In Mar Long Ba 's So Long a Letter, the author is using female characters to draw a dichotomy that exists in Senegalese society. A clear contrast between traditional cultural practice and modern ideology that exists in revolutionary and free thinking women forms a clear line between these two extreme opposing views. Ramatoulaye, Daba, Aissatou are important persons in the novel and show contemporary roles and ideas of women by comparing their cultural norms.

In So Long a Letter, the author Mariama Ba is struggling to cope with the changing social situation and the role that women play in it. Through the adult life different from the past shared by Rama and Aisatou, Ba tells a story that Ba can create women a new space and role for themselves and their daughters by crushing tradition in many ways I will draw.

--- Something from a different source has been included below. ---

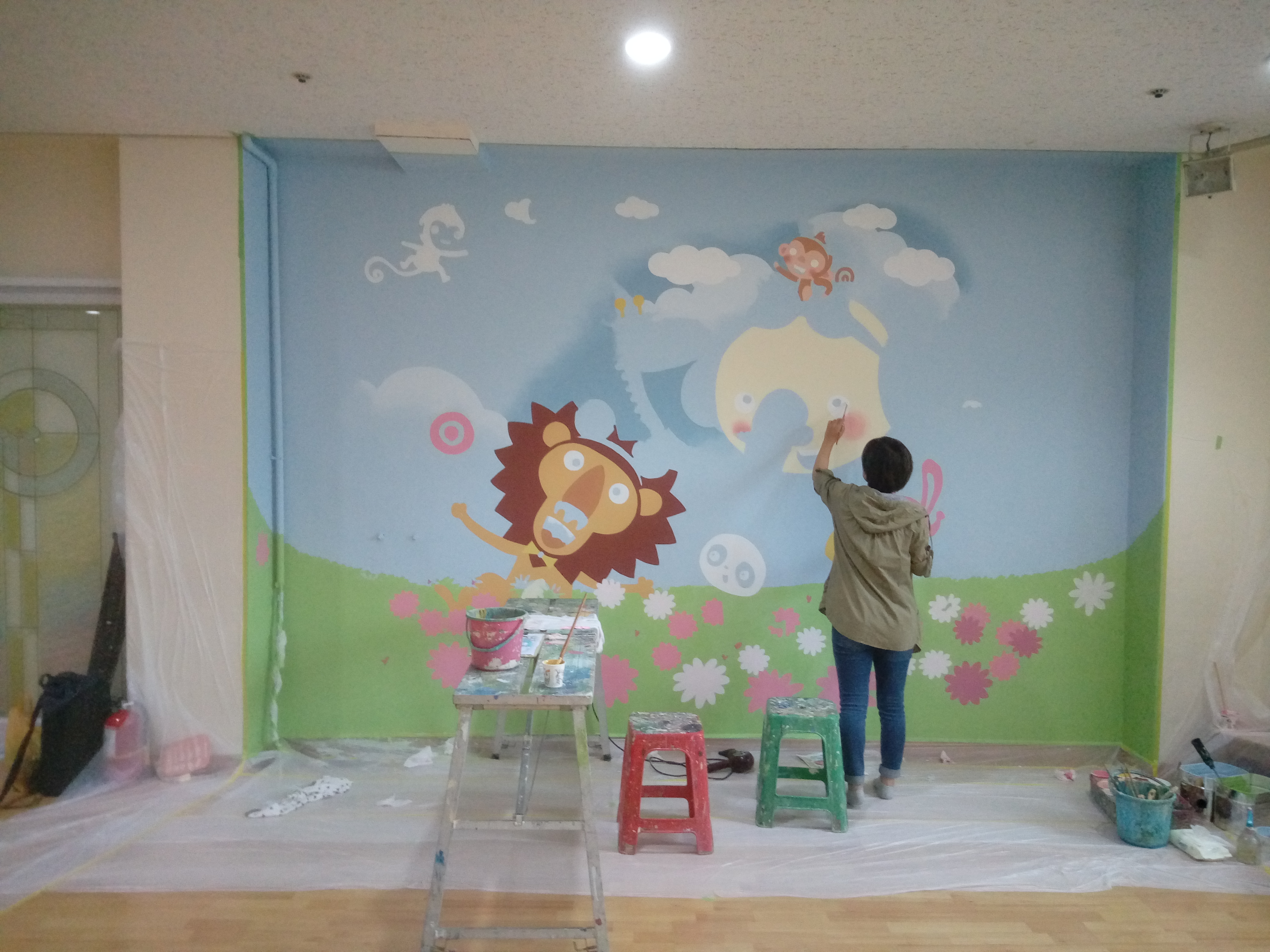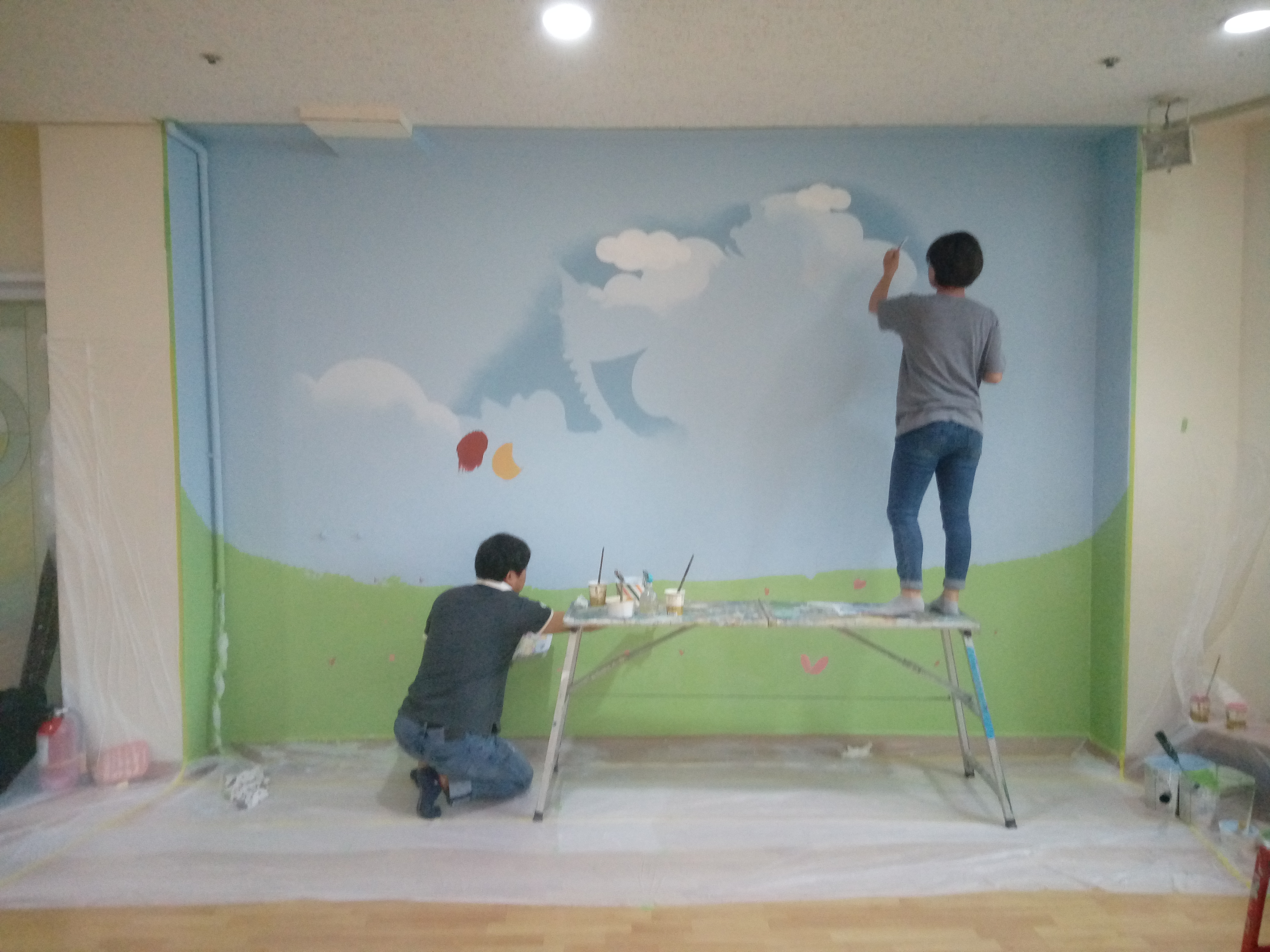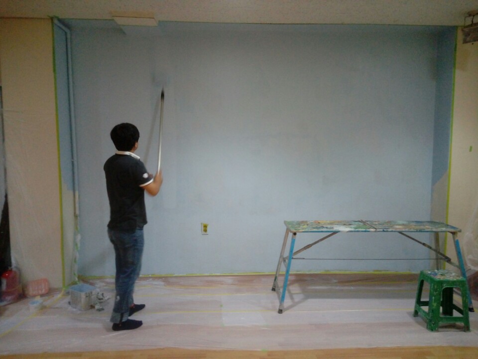기본 베이스로 하늘색 칠을 합니다. 보통은 새로 인테리어한 곳에 벽화 작업을 했었는데 앞전에 작업한 이미지를 덥고 다시 작업하기는 저에겐 처음 이었습니다.
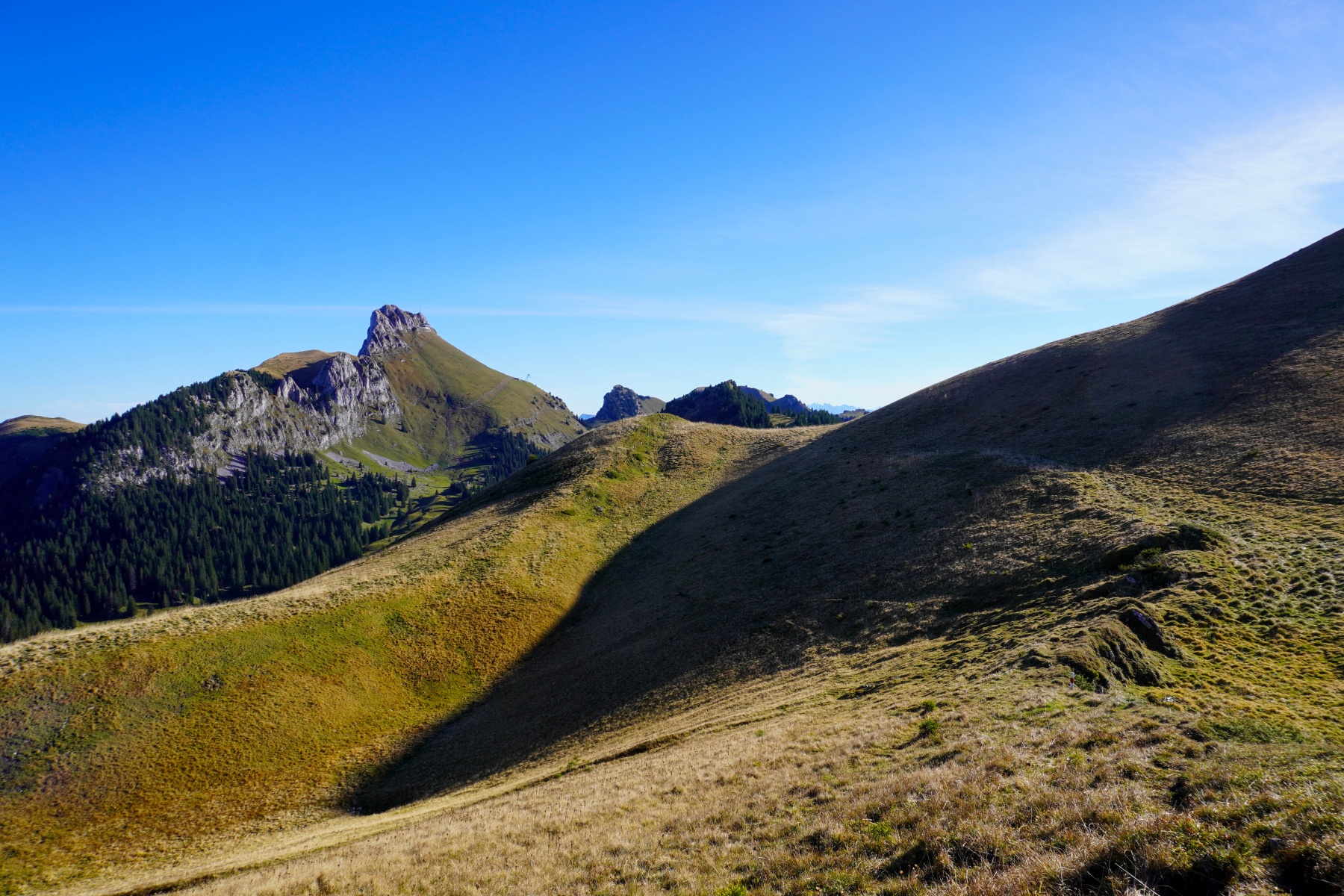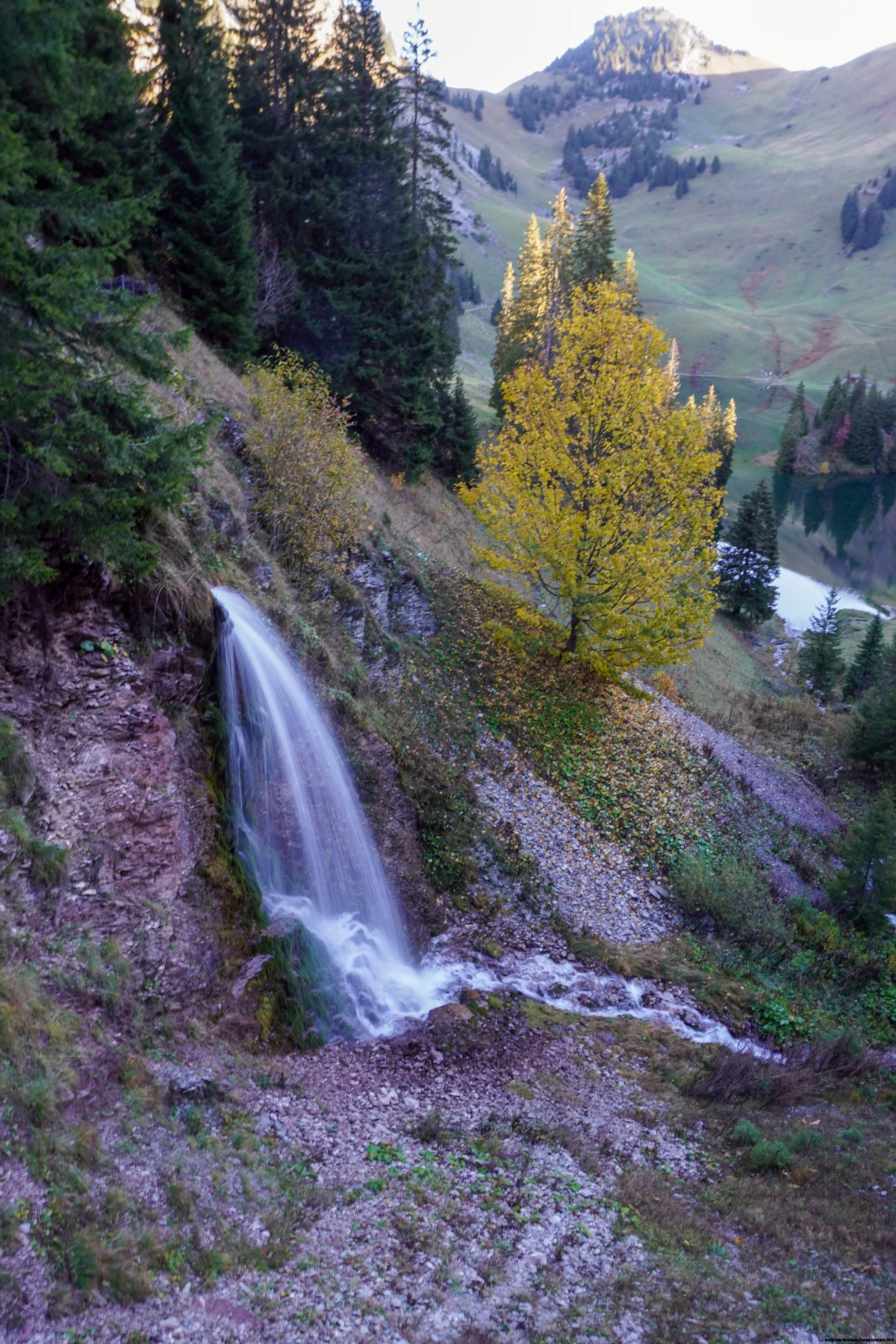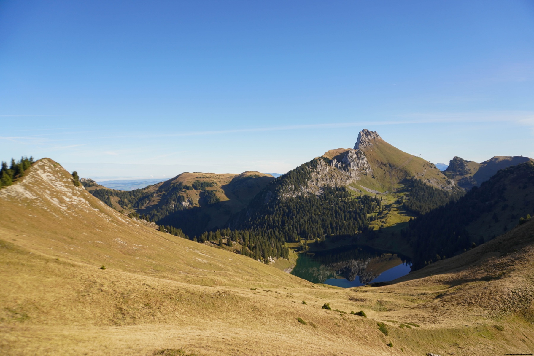 We chose to go there in mid-October when the weather was forecast to be very nice. We took the cable car up to Chrindi, from where we followed the marked trail around the lake and up to Vorderstocke. From there, we continued to climb up to the small peak next to the Pfaffli. The view from there is stunning.

Women play an important role in African society. In Alifa Rifaat and Mariama Ba's So Long A Letter minaret, women are drawn as close to reality as possible. Their fight and desire, as to why women do what they do, as to why they can not leave, there is no life of men, why men behave like doing it Will be explained. All these problems show that Africa's women have maintained Africa truly after all these experiences. Without women, the African continent may be lagging behind the present. Fortunately, as Ali Mazrui imagined in his documentary program "African: Triple Heritage", most people know this.

As in Maria MaB's So Long a Letter, feminist texts are hardly studied in West Africa. Maria Maba, born in Senegal in 1929, is an idol of African literature and advertises her work as a "modern Muslim woman" as a writer. Her novel was recognized almost immediately, and So Long a Letter, published in 1981, won the prestigious Noma Writing Award. This text was originally written in French and later translated into English. It has been translated into more than a dozen languages ​​and continues to be one of the most studied feminist literary texts in the world as it criticizes the role of marriage system and religion in repressing women. Like Olive Schreiner who wrote about 80 years ago, Bâ is interested in commenting on women's experiences.